Sunday morning, a week ago, I'm sitting at the kitchen table trying to pull from the recesses of my brain answers to a questionnaire that would be used at my church's Transition Retreat (where the highschool seniors, soon to be college freshman learn about what the "transition" may be like), and I'm reminded of all the not fun, wish-I-hadn't's of that space in life.
Hours later this picture rolls across my Facebook news feed.
Gallons of memories fill my head.
And I think.
Where has the time gone?
Ten years. A decade since I first set foot on Calvary's campus.
What has that many years beyond the transition taught me?
I recognize that I was so ignorant then. So short sighted. So much that I thought I knew, but didn't.
Hallelujah the Lord redeems things.
And that I can share these things with younger women over cups and cups of coffee...
1. Christ needs to be, has to be in first place. (Colossians 1:18). Above textbooks. And boys. And basketball. Because He is worthy of it. Sure, I learned to define preeminence in it's fullest theological form. But I had no idea. Before leaving for school my youth pastor's wife who had attended Moody warned me, don't get caught up in the going to chapel and writing papers and using the Bible as a textbook that you forget to read it for yourself. I didn't listen. It became super academic. And if I'm honest, I fight that temptation still.
2. Discipleship matters. I didn't know what discipleship really was. It wasn't until a year after graduation and in full-time ministry that I started getting it conceptually. It's life on life - while you are going (Matthew 28:19). And it can take many different forms. But no matter the logistics, it's so important to have a person in your life who's walked the road before that can ask you tough questions like: are you spending time with just you and the Lord, examining your heart for sin? Or is the Bible just another book on the desk?

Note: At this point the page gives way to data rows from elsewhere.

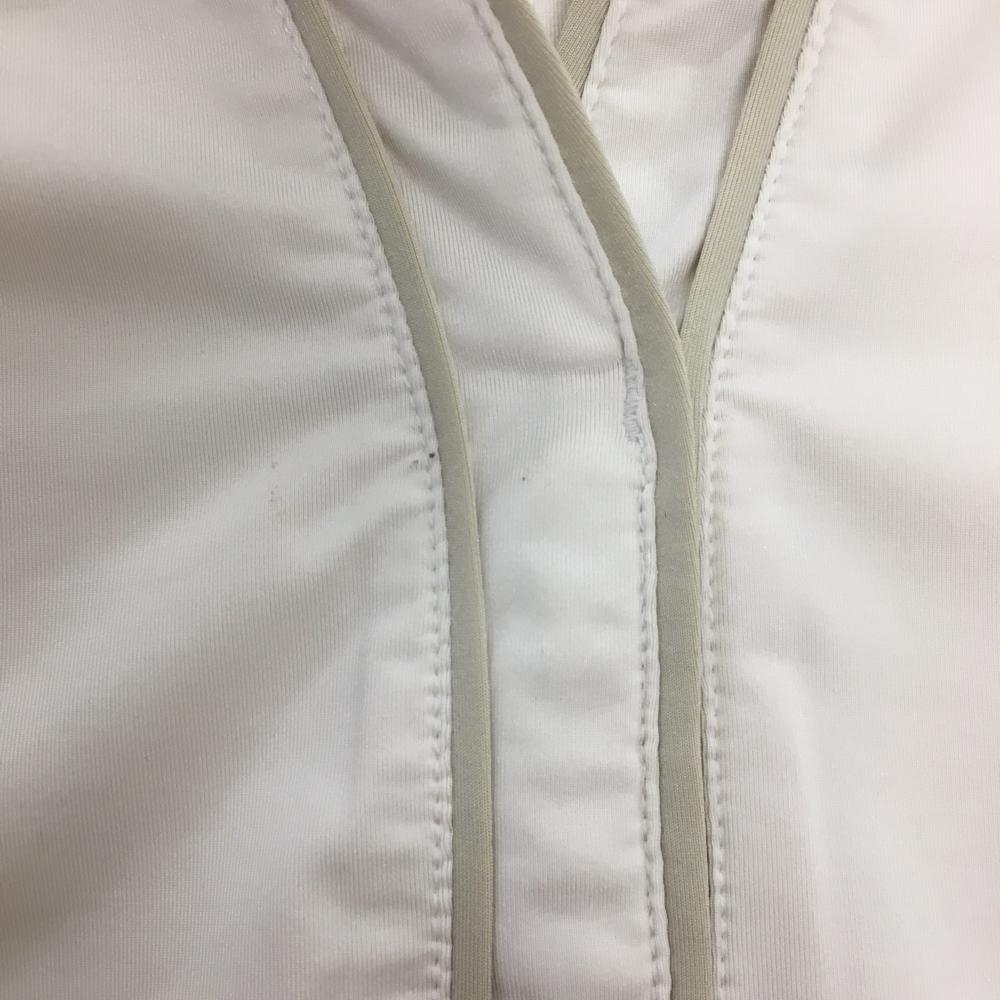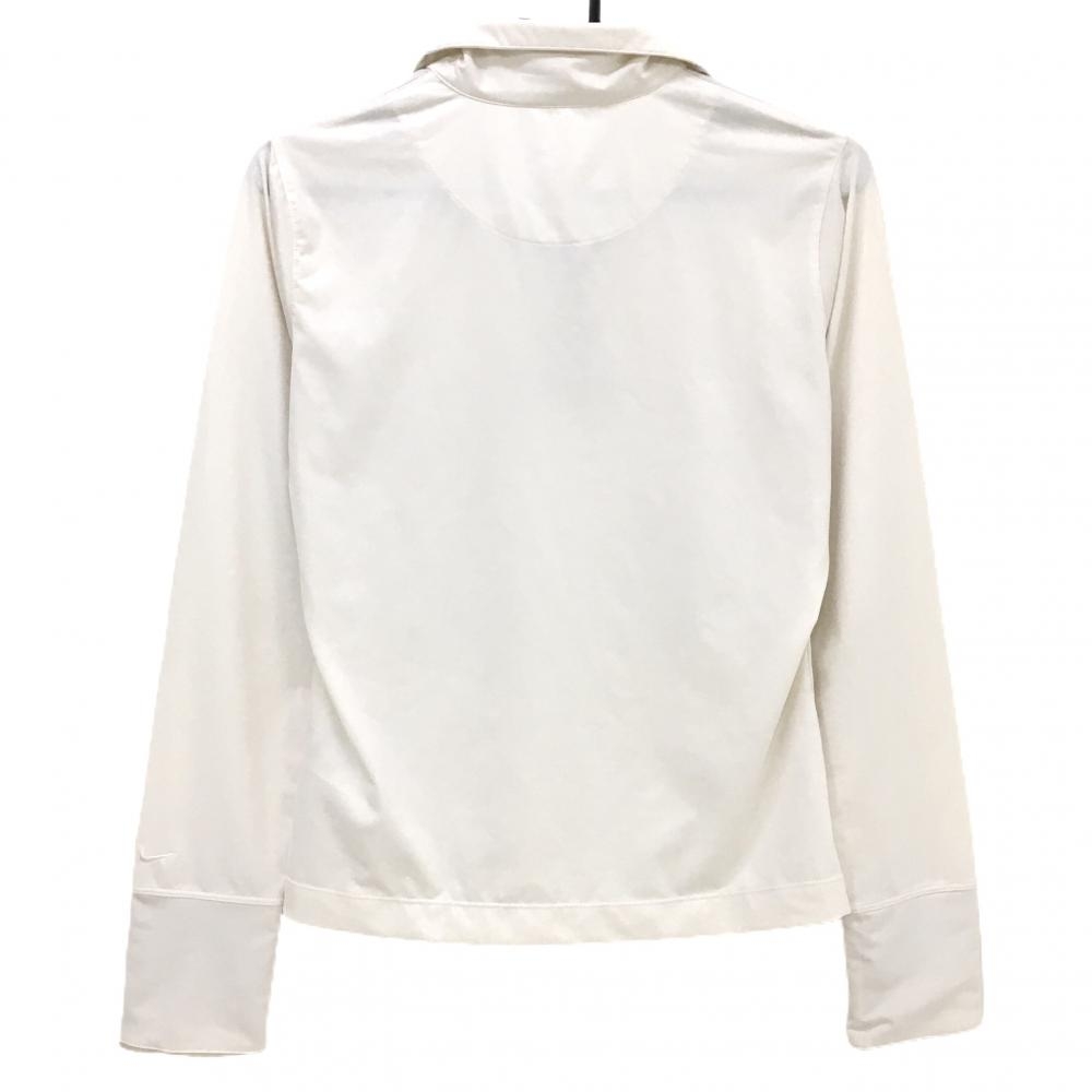 【美品】ナイキゴルフ 長袖スキッパーシャツ アイボリー×ベージュ 袖ロゴ刺しゅう レディース ゴルフウェア NIKE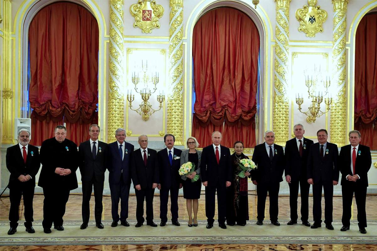Председник РФ је на пријему уручио сународницима награде за јачање јединства росијске нације и ордене пријатељства већем броју странаца.
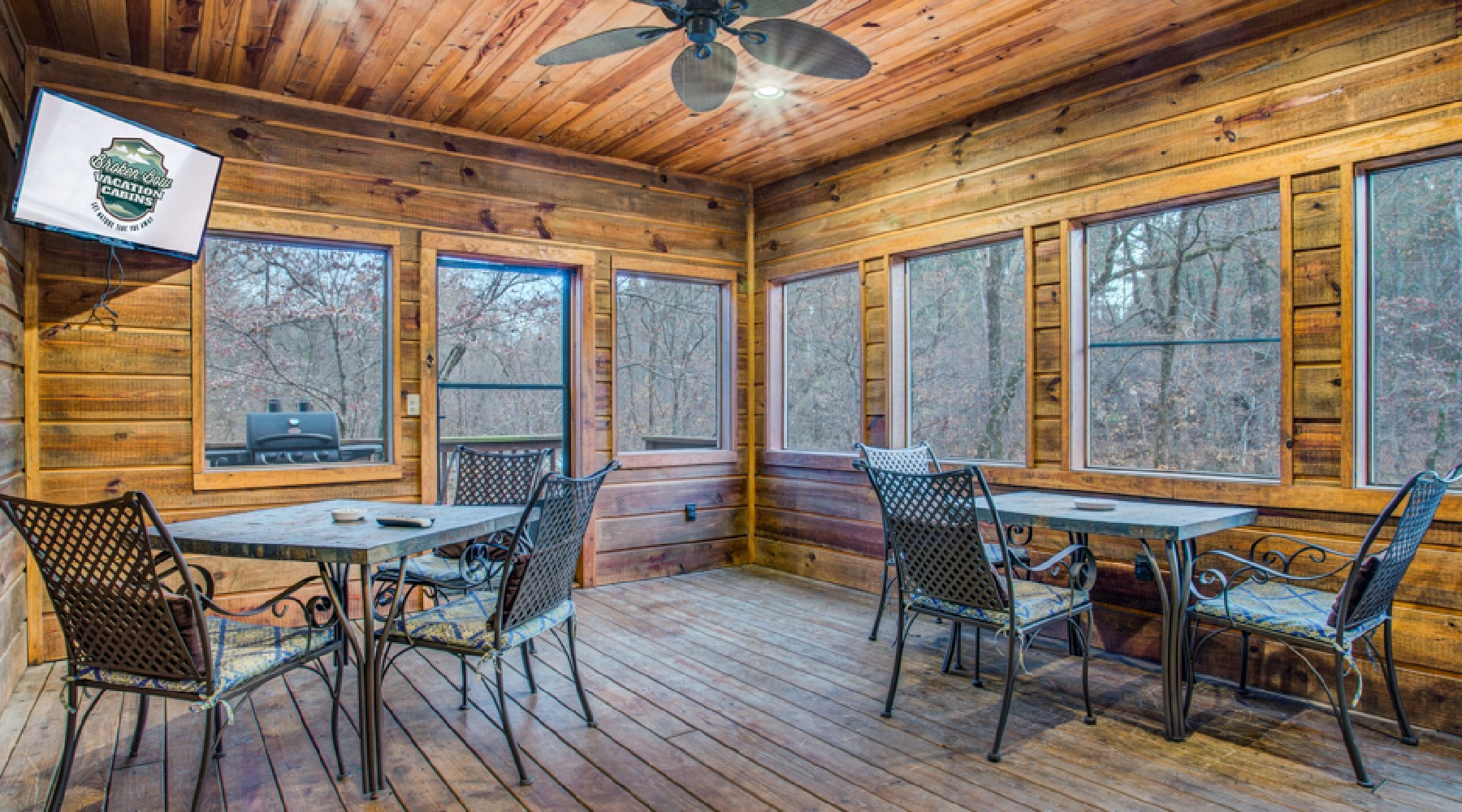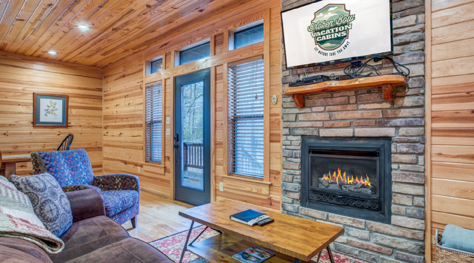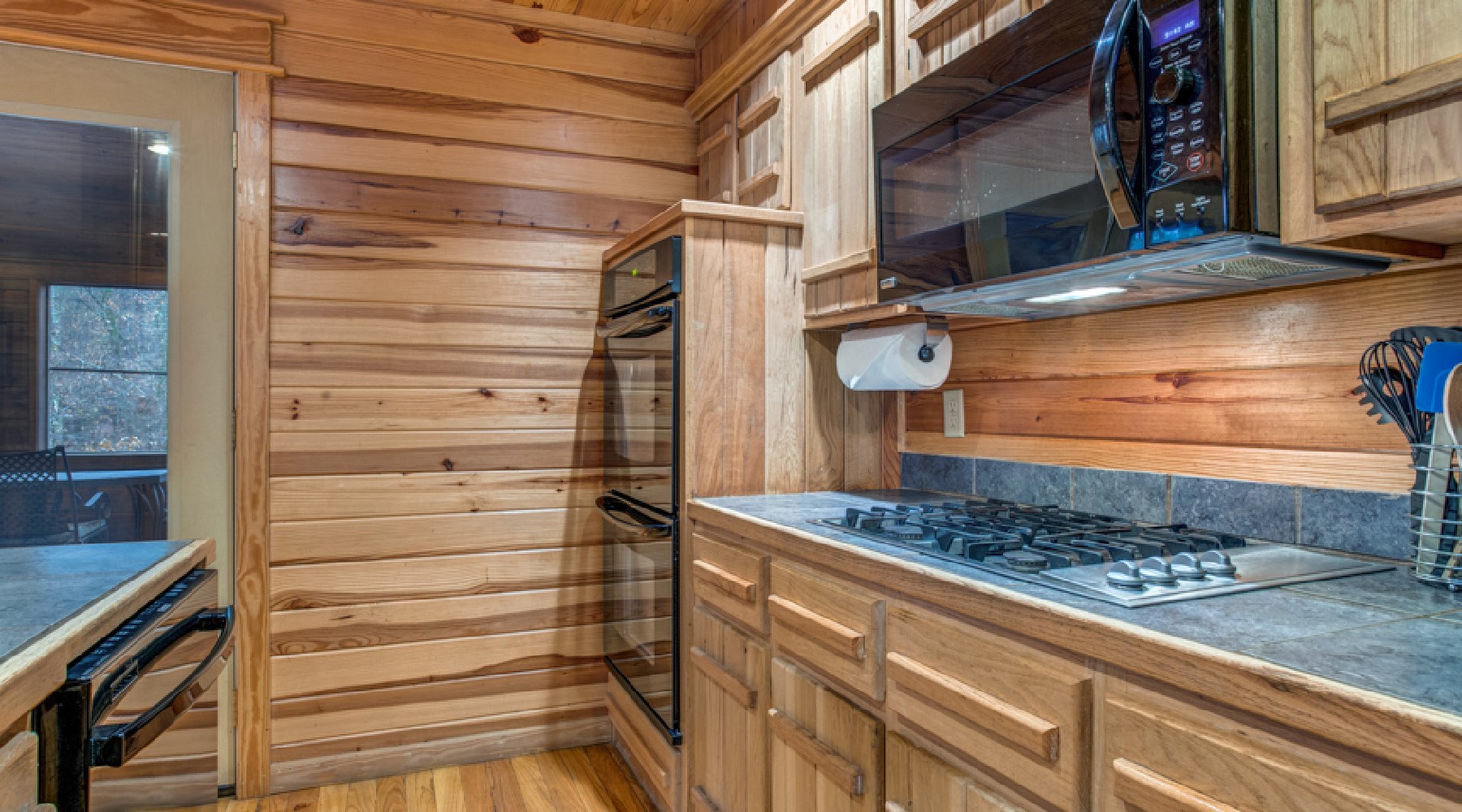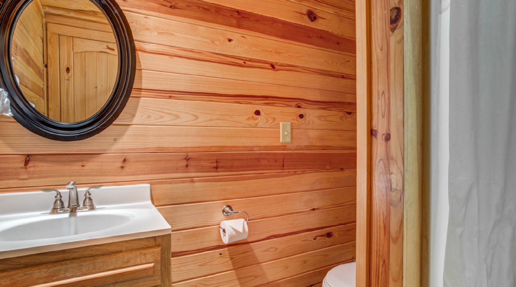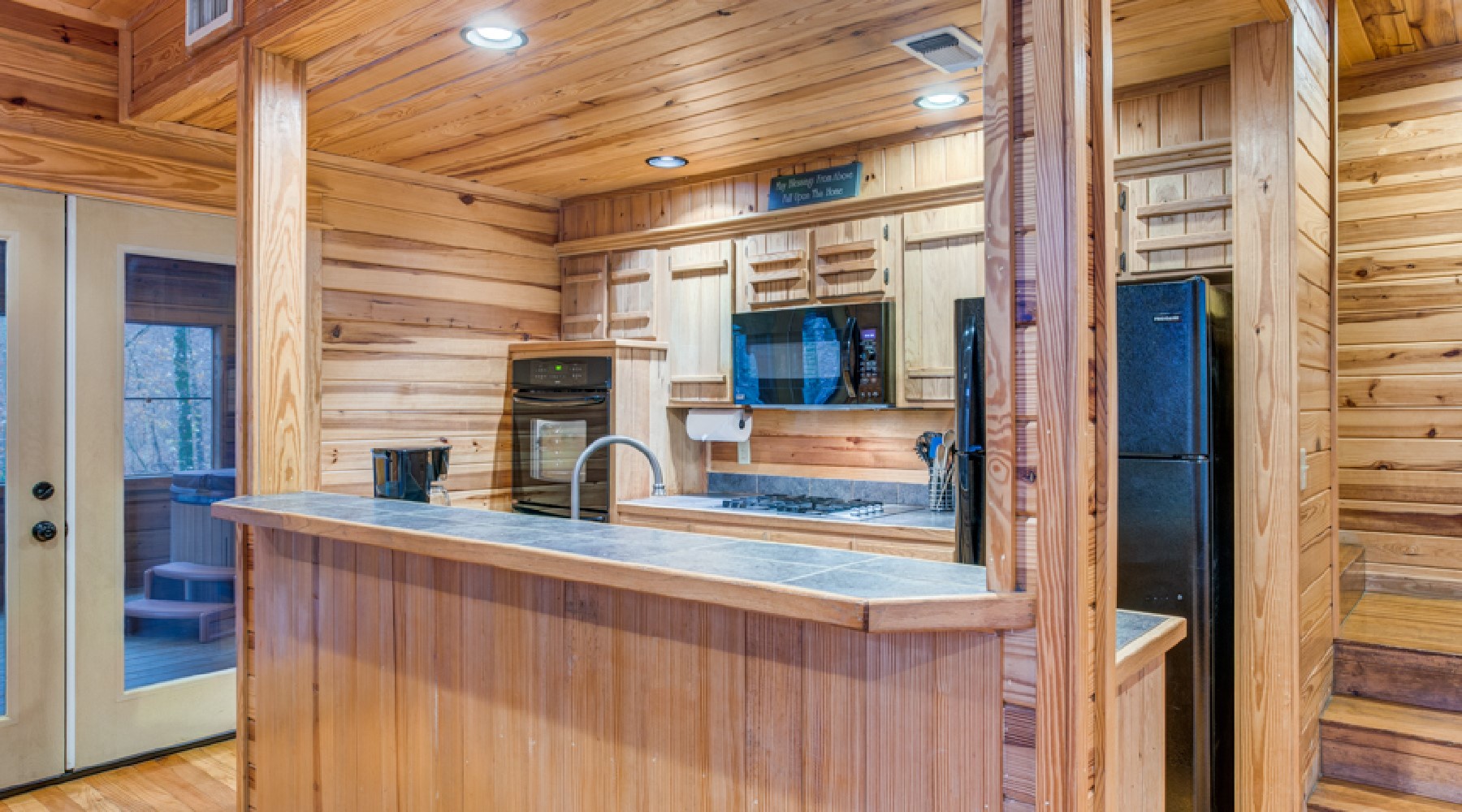 Always Shady also offers extra space outside – it’s built on a double lot next to Fork Creek and is surrounded by tall Oak trees and Dogwoods! You’ll have plenty of green space and privacy separating you from other cabins.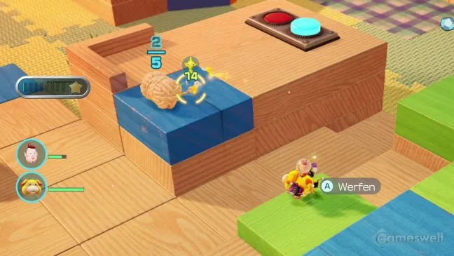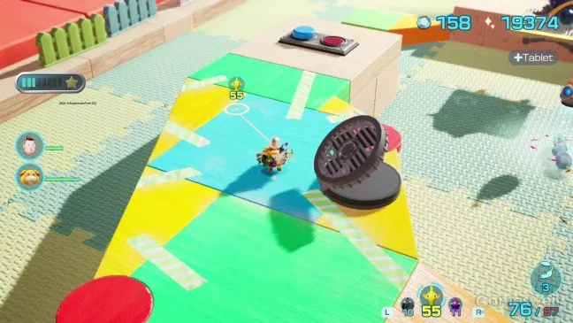 Теперь слезьте с Очина и покиньте эту платформу, не забирая с собой пикминов (именно по этой причине их следует бросить). Перебегите на первую платформу и поднимитесь к переключателю вентилятора с помощью своего маленького космонавта. Активируйте его. Теперь переключитесь на Ошина и позвольте ему и его Пикмину (которого можно вызвать свистком на его спине) катапультироваться на стол с помощью теперь уже включенного второго вентилятора. Там Ошин прикажет Пикмину забрать фишки с собой - и вы уже разгадали маленькую головоломку.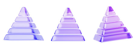 Glass holographic infographic pyramid 3d render icon set. Gradient five level triangle, information data hierarchy, chart or diagram for business presentation, marketing or financial

3. Starting with Spring Banquet question, generally most people have in mind marriage when they go to Bible college. Not everyone. But most. So if you want to be married, and want to prepare yourself, start sacrificially laying your life down FOR EVERYONE AROUND YOU- for their eternal good. Starting now. It's Galatians 2:20, "I've been crucified with Christ and it's not longer I who live, but Christ who lives within me..." That's the gospel.
4. DON'T BE AFRAID TO ASK QUESTIONS. I know it's supposed to look like you have your act together when you go to a Bible college, because only people that want to be missionaries and pastor's and pastor's wives go there, but you don't have to. If you are wrestling with your faith and doubting your salvation talk to someone. Don't bottle it in. This is one of those times in life where you'll be surrounded with a high saturation of godly, smart people.
5. Church isn't a grade. If you're going to a Bible college, chances are you'll have to record your church attendance and whether or not you served in the church in some capacity that week. But the (universal) Church and the (local) church is where life is found. If college is meant to prepare you for that, start treating the body of Christ with purpose and passion. Life is busy in college, but it get's busier, so sink you feet in deep and get involved. Find a small group. Start serving in youth group. Create special music slides. Not because you have to, but because you get to.
6. Bear with one another and forgive relentlessly (Ephesians 4:32 and Colossians 3:13). But know there is a time to confront and clear the air (Matthew 18:15 and Galatians 6:1). Don't let petty, caddy girl-weirdness stand in the way of acting like the sisters in Christ that you are. Be bold and humble and "consider everyone to be more significant than yourself" (Philippians 2:3).
7. Live like you know the end of the story. Because you do! [Just read the book of Revelation (I know I say that over and over on this blog, but it's truer than we know!)] The thought should drive you to seek what is above (Colossians 3:1-3) and live like a good soldier who doesn't get caught up in the affairs of the world (2 Timothy 2:3-4). When you think about people - live in light of eternity - knowing that college-who-likes-who-drama is temporal and your relationships (with believers) are forever.
8. Know that you are being equipped FOR EVERY GOOD WORK through your education. Second Timothy 3:16 is the mantra of Bible colleges, but let's not forget the following verse reminds us: because Scripture is sufficient, we "may be complete, equipped for every good work."
9. Read that 700 page book on biblical interpretation and think to yourself, I may get to teach Scripture to women one day - I may get to lead a Bible study. Think, this is really important for me to know and understand so I can rightly divide the word of truth (2 Timothy 2:15). So actually try to know and understand it.
10. College is NOT real life. Four years will fade into the distance faster than you know. Don't forget your family, who you'll have forever. Or your previous friends who could end up waltzing back into your life in some way. College is such a special - but unique - time in life, so understand that you'll not always have built in community. One day you'll have to go outside of yourself looking for it. That too, means you'll have to lay down your life. Get out of your comfort zone. But just because you'll have to go looking for it, doesn't mean that's it's not important (Colossians 3:15, 2 Timothy 2:22, Hebrews 10:25).
Just like college isn't real life, it's not forever either.
So remember to savor and not inhale.
And trust the Lord that he will teach and guide and direct in the exact way he desires.
And thank him that he redeems and reconciles in unbelievable, unimaginable ways.